À l’occasion de la sortie du film Rosalie, L’Éclaireur a rencontré sa réalisatrice, Stéphanie Di Giusto, afin d’évoquer son deuxième long-métrage porté par Nadia Tereszkiewicz et Benoît Magimel.

C’est dans un hôtel parisien que nous avons rencontré Stéphanie Di Giusto. La réalisatrice, très enthousiaste à l’approche de la sortie de son nouveau film Rosalie, nous rappelle que cela fait presque un an qu’elle a démarré la promotion du long-métrage porté par l’étoile montante du cinéma français Nadia Tereszkiewicz et le doublement césarisé Benoît Magimel.
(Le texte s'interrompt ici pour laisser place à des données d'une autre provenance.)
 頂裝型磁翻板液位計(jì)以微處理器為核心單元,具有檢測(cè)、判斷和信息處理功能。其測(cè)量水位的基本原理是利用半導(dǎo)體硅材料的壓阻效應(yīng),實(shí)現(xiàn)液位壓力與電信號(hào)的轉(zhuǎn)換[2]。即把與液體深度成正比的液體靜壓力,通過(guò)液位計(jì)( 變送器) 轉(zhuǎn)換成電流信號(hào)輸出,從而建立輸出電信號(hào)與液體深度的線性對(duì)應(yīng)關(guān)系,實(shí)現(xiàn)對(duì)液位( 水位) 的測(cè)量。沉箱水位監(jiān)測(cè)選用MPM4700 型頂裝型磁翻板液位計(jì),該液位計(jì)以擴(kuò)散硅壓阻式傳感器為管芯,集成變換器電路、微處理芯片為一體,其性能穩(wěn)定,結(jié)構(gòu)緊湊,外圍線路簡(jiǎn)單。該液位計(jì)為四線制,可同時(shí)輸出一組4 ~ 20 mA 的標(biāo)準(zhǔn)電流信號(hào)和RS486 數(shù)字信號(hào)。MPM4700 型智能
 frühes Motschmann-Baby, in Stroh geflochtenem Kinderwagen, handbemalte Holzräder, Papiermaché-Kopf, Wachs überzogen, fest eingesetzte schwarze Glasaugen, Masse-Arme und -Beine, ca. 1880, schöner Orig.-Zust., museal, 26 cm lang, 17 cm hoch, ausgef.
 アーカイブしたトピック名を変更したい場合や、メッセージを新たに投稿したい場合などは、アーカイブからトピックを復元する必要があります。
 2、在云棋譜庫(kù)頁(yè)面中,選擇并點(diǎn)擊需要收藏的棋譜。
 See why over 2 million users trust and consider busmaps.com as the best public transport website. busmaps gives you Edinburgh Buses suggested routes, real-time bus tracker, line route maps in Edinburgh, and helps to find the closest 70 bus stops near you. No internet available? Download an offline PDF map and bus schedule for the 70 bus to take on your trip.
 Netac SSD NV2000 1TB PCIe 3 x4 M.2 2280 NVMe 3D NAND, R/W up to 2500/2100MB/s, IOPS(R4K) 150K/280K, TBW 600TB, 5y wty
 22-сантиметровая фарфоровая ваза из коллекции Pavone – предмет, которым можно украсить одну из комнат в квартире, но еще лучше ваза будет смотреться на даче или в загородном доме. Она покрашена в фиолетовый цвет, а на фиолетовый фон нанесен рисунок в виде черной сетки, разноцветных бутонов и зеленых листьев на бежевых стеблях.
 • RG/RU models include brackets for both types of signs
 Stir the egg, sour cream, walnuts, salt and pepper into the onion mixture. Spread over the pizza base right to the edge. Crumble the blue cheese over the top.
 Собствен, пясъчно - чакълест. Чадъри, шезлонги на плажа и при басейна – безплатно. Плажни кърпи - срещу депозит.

Impatiente de le céder désormais aux spectateurs, à partir du 10 avril, et après une première présentation au Festival de Cannes 2023, la cinéaste est revenue sur l’écriture de son deuxième film – après La Danseuse (2016) –, ses thèmes, mais aussi son message. 

On parle du public et de la sortie du film sur grand écran. Qu’espérez-vous susciter chez les spectateurs qui iront voir le film en salle ? 

J’aimerais avant tout susciter une émotion et je n’ai pas à dire laquelle. C’est un film sur la liberté d’être soi. Les spectateurs réagiront avec ce qu’ils sont. Je respecte ça jusqu’à la fin du film, chacun est libre de ressentir l’émotion qui lui est propre. J’espère, en tout cas, que chaque spectateur sera différent avant et après le film. J’espère faire bouger quelque chose en eux.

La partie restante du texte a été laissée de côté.